Residents interested in participating should contact Jamael Brown at (330) 941-2499.
The second phase will consist of online deliberations, community forums and a 21st century town hall meeting involving 1,000 people from Northeast Ohio, and the project will conclude in the third phase with a second town hall meeting and a set of leadership workshops.
A regional approach to jobs and the economy would be beneficial because about 25 percent of workers in the region live in one county but commute to a job in another county, Davis said.

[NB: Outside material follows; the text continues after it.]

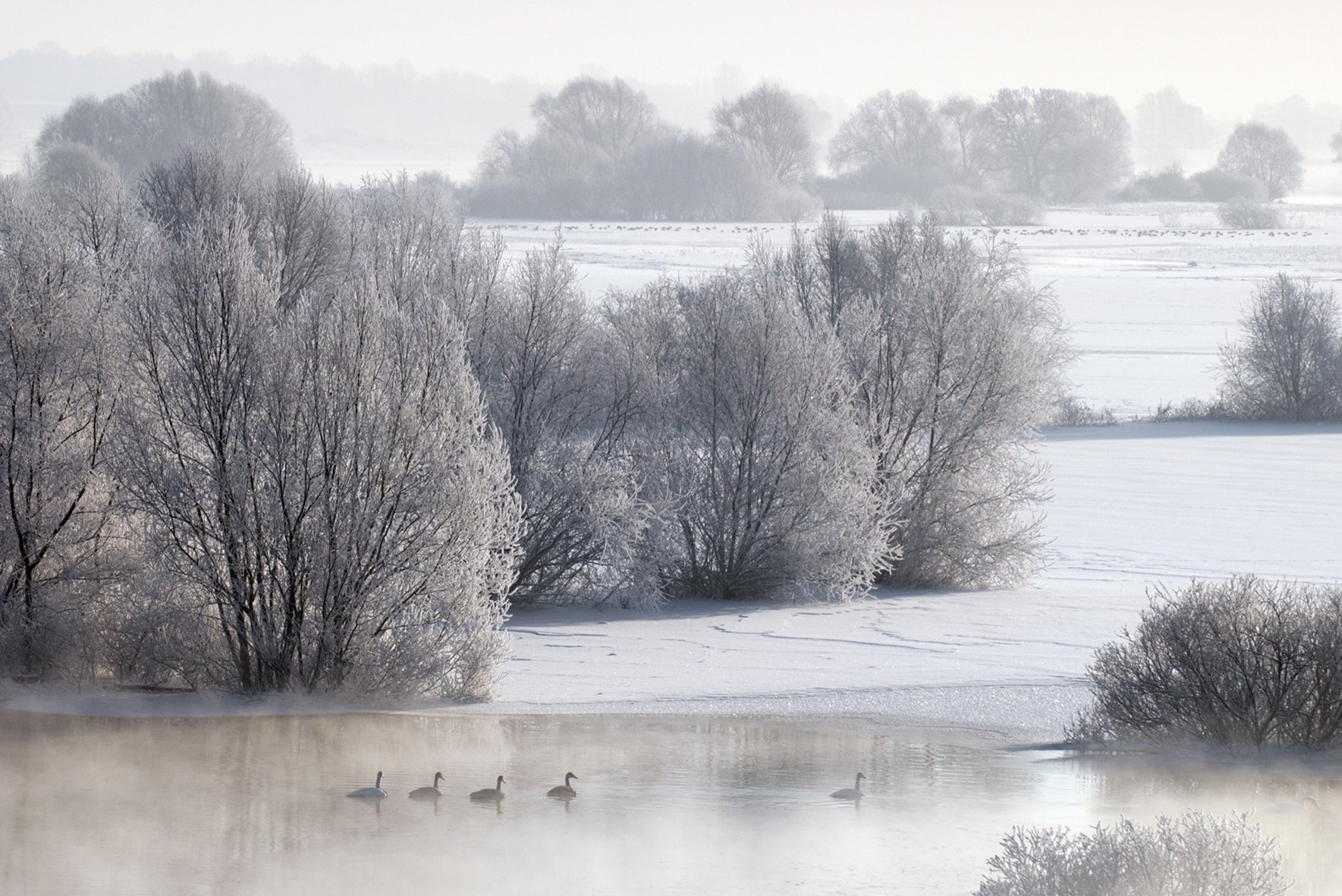 Pfannkucheneis, das wunderschöne Muster auf die Elbe zaubert, ein Graureiher, der mit seinem aufgeplusterten Gefieder aussieht, als trage er einen schicken Wintermantel und unzählige elegante Singschwäne sind nur einige der großformatigen Motive.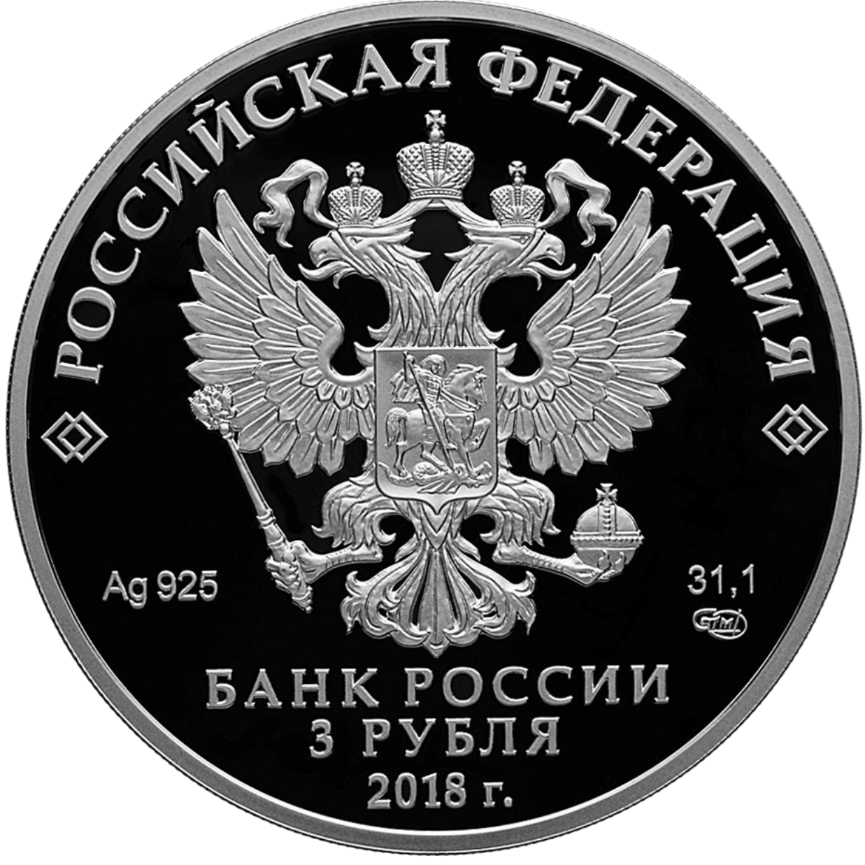 на зеркальном поле диска – рельефное изображение Государственного герба Российской Федерации, над ним вдоль канта – надпись полукругом: "РОССИЙСКАЯ ФЕДЕРАЦИЯ", обрамленная с обеих сторон сдвоенными ромбами, внизу под гербом: слева – обозначения драгоценного металла и пробы сплава, справа – содержание химически чистого металла и товарный знак монетного двора, внизу в центре в три строки – надпись: "БАНК РОССИИ", номинал монеты: "3 РУБЛЯ", год: "2018 г.".

Regionalism would build off the area's assets, such as a strong work ethic, local institutions of higher education and a large manufacturing base.
Keeping and creating jobs
Despite economic strengths, data shows that residents worry about the stability of jobs and the area's ability to attract business.
In Columbiana County, 13 percent of respondents rated Northeast Ohio's efforts to keep jobs from leaving the area as good or very good. Mahoning and Trumbull counties posted similar responses at 15 percent and 10 percent, respectively.
Residents responded more positively to the area's ability to attract new businesses. Of the responses from Mahoning County, 57 percent rated that ability as fair, good or very good. Trumbull and Columbiana counties posted ratings of fair or above at 46 percent and 45 percent, respectively.
Improved communication between companies and increased productivity in recent years have sparked positive economic action in the Mahoning Valley, said Reid Dulberger, executive vice president of the Youngstown-Warren Regional Chamber of Commerce.
Though some jobs have been lost, the area has kept as many jobs as it could while remaining competitive, he said.
"Nothing draws success like success," Dulberger said. "But it's questionable if it's enough success to spur the kind of growth that people in the area want to see."
Northeast Ohio has a good outlook for success if leaders take the right steps, said Donald Curry, a local labor market analyst with Ohio Job and Family Services.
Curry said he believes regionalism will be the best option for the area to compete in a global market.
While the region's efforts at economic diversification have been good, the loss of about 5,000 jobs since 2000 is some cause for concern, he said.
"We're not sinking, but we're not swimming either," Curry said. "We're treading water."